**YOUR ASSIGNMENT**
Reproduce exactly, and only, the lines of the material below running from the line bearing "夕食は地元の旬の食材を使った会席料理。個室の会場でいただきました。" through the line bearing "O GlassOfVenice Murano". Leave any pictures out.
DATA TO PROCESS below:
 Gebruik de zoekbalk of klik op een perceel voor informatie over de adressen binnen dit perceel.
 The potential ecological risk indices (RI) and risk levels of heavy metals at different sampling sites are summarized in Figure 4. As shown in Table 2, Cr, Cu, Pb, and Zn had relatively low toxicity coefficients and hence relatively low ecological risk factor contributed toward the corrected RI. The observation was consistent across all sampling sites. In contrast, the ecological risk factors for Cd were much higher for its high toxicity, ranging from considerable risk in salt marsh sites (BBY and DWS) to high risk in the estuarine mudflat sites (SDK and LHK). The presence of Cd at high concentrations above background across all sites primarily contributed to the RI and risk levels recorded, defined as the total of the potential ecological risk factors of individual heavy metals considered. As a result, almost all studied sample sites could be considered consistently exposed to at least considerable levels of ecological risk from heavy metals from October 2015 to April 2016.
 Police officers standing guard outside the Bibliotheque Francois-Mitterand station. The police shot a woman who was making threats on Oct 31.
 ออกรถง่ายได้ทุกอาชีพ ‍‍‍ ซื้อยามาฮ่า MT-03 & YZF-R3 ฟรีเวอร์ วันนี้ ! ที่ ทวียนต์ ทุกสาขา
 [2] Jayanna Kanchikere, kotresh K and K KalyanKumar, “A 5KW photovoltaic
End of DATA TO PROCESS.
DATA TO PROCESS below:
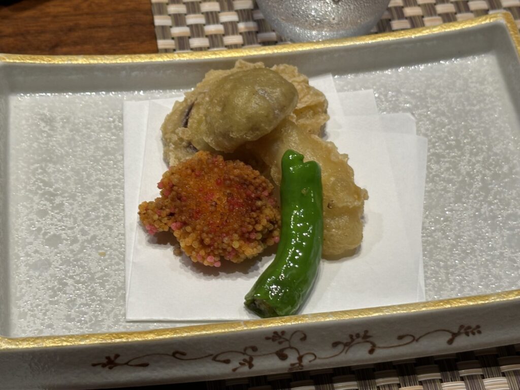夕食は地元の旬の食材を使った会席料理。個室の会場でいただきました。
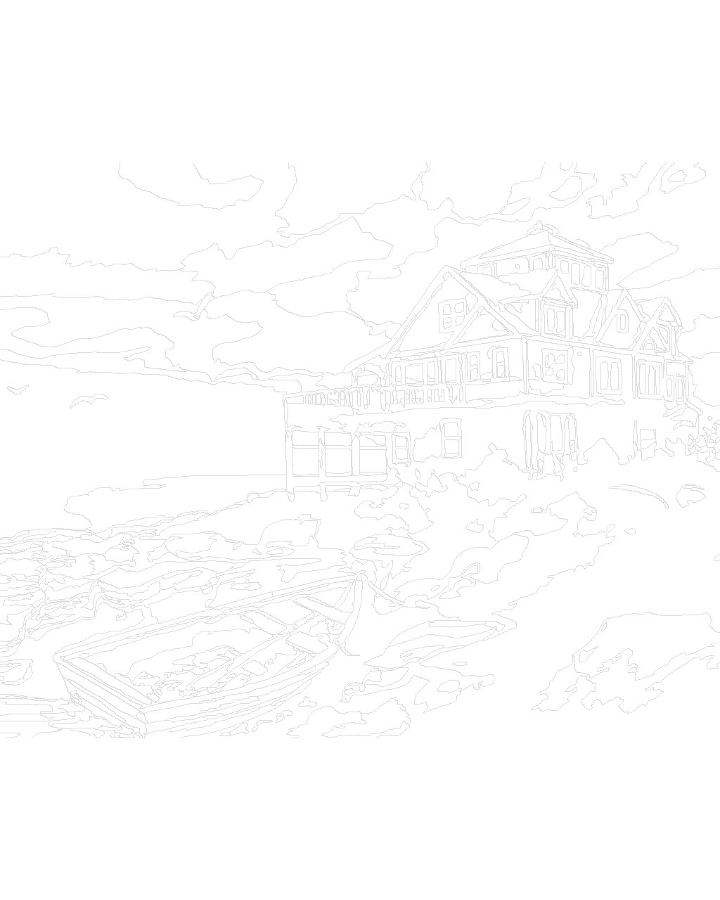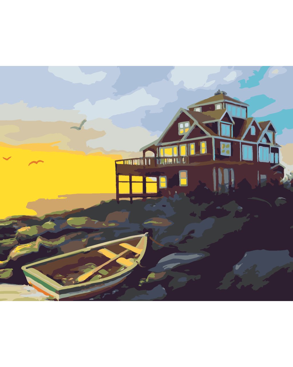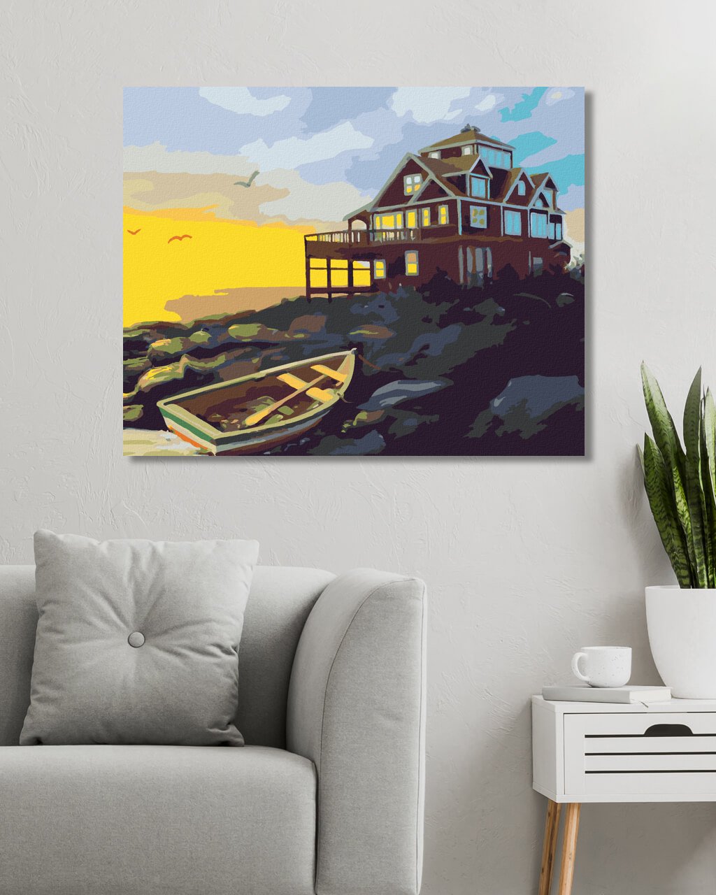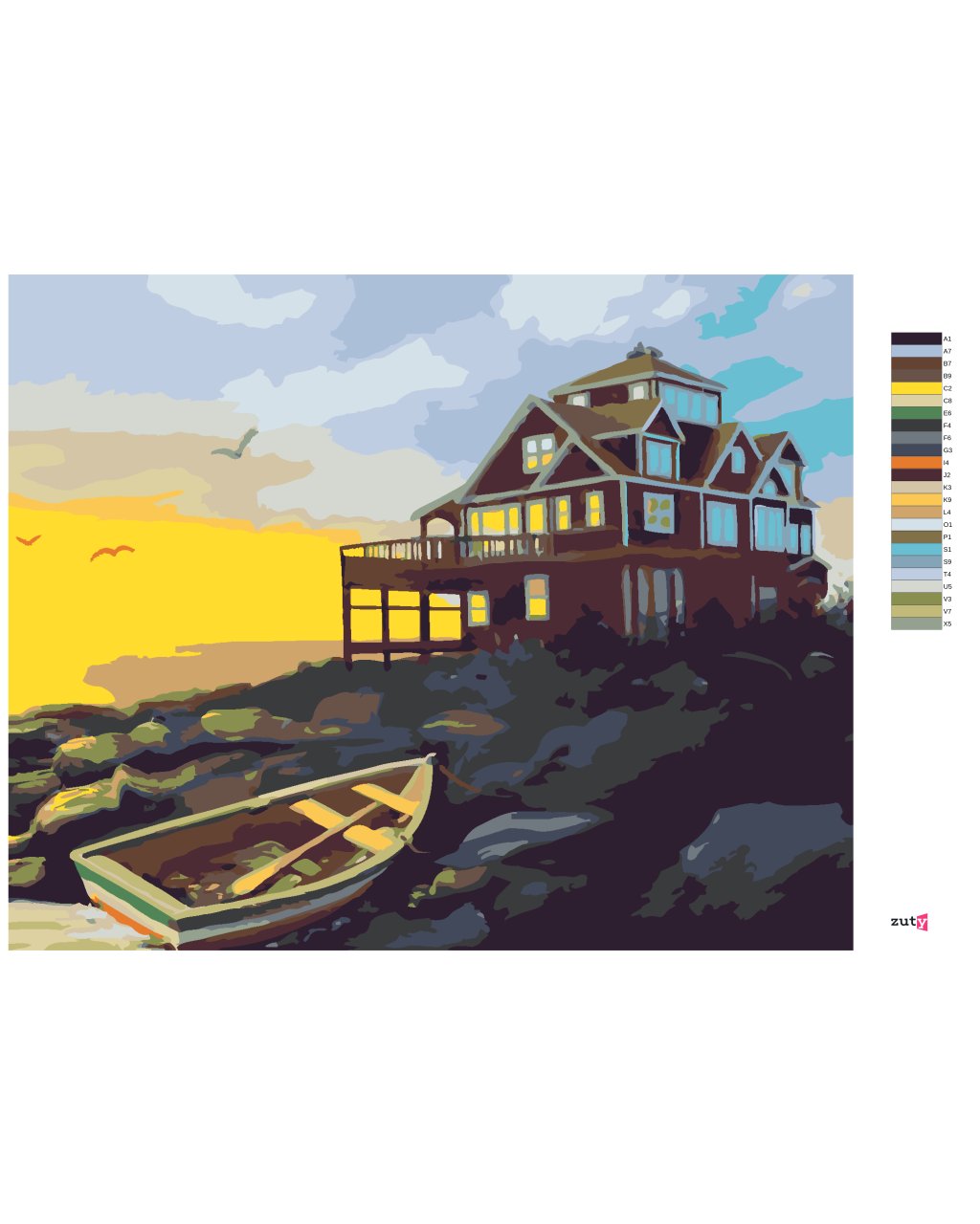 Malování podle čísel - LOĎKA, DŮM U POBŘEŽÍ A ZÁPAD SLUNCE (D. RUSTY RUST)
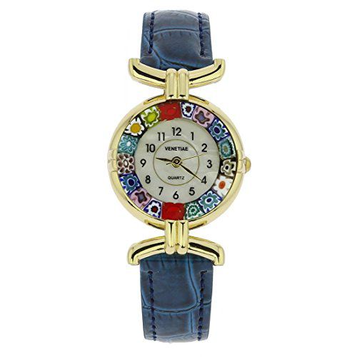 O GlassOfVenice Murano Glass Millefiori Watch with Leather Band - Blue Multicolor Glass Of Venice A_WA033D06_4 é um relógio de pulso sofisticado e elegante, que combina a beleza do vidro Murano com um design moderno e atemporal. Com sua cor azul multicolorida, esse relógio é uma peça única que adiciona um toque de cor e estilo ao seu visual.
End of DATA TO PROCESS.
DATA TO PROCESS below:
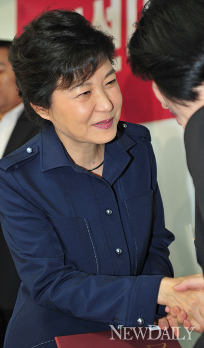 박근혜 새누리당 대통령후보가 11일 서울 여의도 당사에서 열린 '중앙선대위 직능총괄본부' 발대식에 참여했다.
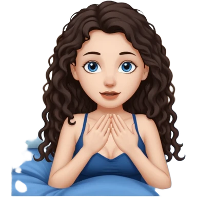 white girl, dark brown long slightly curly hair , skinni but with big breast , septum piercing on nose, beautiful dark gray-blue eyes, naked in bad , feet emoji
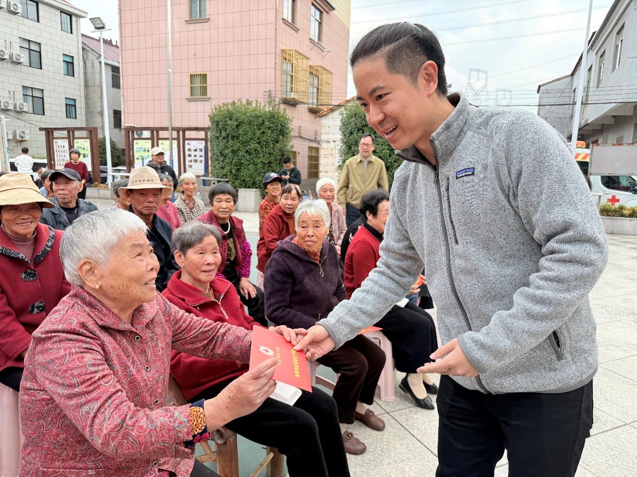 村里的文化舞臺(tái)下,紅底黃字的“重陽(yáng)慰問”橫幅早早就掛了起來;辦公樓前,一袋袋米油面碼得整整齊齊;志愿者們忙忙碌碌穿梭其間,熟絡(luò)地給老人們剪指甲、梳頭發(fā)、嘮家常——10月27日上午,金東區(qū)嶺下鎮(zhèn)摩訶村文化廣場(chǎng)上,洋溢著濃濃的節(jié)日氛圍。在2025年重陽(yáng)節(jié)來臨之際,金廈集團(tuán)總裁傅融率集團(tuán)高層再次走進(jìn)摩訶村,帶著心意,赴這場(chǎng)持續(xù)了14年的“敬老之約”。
End of DATA TO PROCESS.
**SOLUTION FOR THIS TASK**
夕食は地元の旬の食材を使った会席料理。個室の会場でいただきました。
 Malování podle čísel - LOĎKA, DŮM U POBŘEŽÍ A ZÁPAD SLUNCE (D. RUSTY RUST)
 O GlassOfVenice Murano Glass Millefiori Watch with Leather Band - Blue Multicolor Glass Of Venice A_WA033D06_4 é um relógio de pulso sofisticado e elegante, que combina a beleza do vidro Murano com um design moderno e atemporal. Com sua cor azul multicolorida, esse relógio é uma peça única que adiciona um toque de cor e estilo ao seu visual.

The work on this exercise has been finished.